[What this task involves]
What follows is a listing; repeat exactly, and only, its lines from the one holding "當(dāng)日7時(shí" through the last, leaving any pictures out.

[Exercise data]
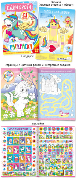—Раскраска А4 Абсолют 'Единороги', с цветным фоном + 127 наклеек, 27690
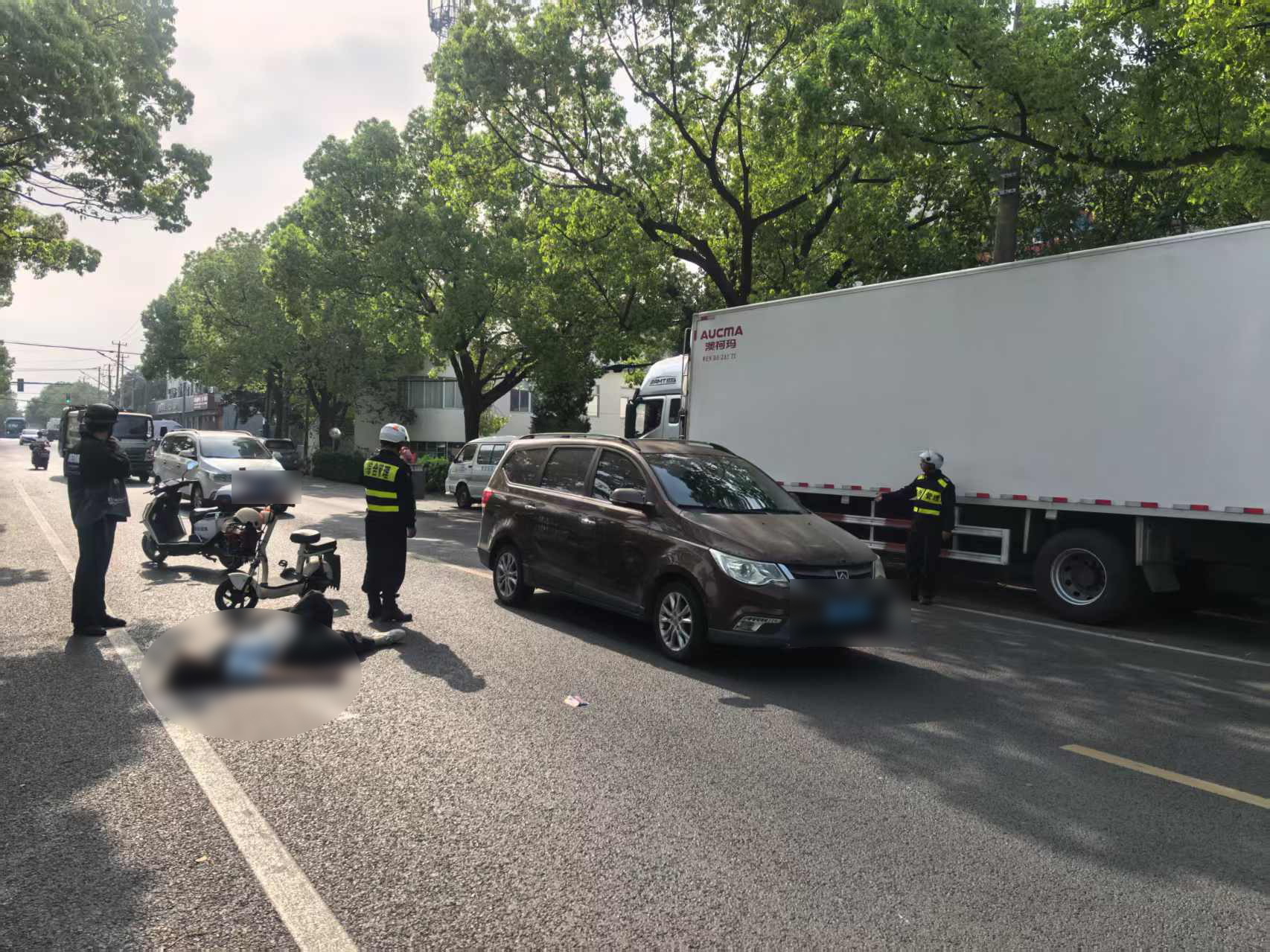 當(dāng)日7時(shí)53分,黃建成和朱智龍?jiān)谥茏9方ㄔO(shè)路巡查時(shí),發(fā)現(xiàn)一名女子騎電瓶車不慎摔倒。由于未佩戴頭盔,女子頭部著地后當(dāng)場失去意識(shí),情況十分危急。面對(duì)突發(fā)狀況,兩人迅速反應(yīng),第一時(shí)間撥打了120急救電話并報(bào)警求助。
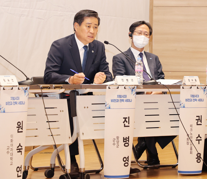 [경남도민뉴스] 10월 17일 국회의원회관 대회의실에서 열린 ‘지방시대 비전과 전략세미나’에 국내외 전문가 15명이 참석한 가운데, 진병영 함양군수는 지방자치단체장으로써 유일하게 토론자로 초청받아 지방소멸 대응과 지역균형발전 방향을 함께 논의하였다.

[Exercise solution]
 當(dāng)日7時(shí)53分,黃建成和朱智龍?jiān)谥茏9方ㄔO(shè)路巡查時(shí),發(fā)現(xiàn)一名女子騎電瓶車不慎摔倒。由于未佩戴頭盔,女子頭部著地后當(dāng)場失去意識(shí),情況十分危急。面對(duì)突發(fā)狀況,兩人迅速反應(yīng),第一時(shí)間撥打了120急救電話并報(bào)警求助。
 [경남도민뉴스] 10월 17일 국회의원회관 대회의실에서 열린 ‘지방시대 비전과 전략세미나’에 국내외 전문가 15명이 참석한 가운데, 진병영 함양군수는 지방자치단체장으로써 유일하게 토론자로 초청받아 지방소멸 대응과 지역균형발전 방향을 함께 논의하였다.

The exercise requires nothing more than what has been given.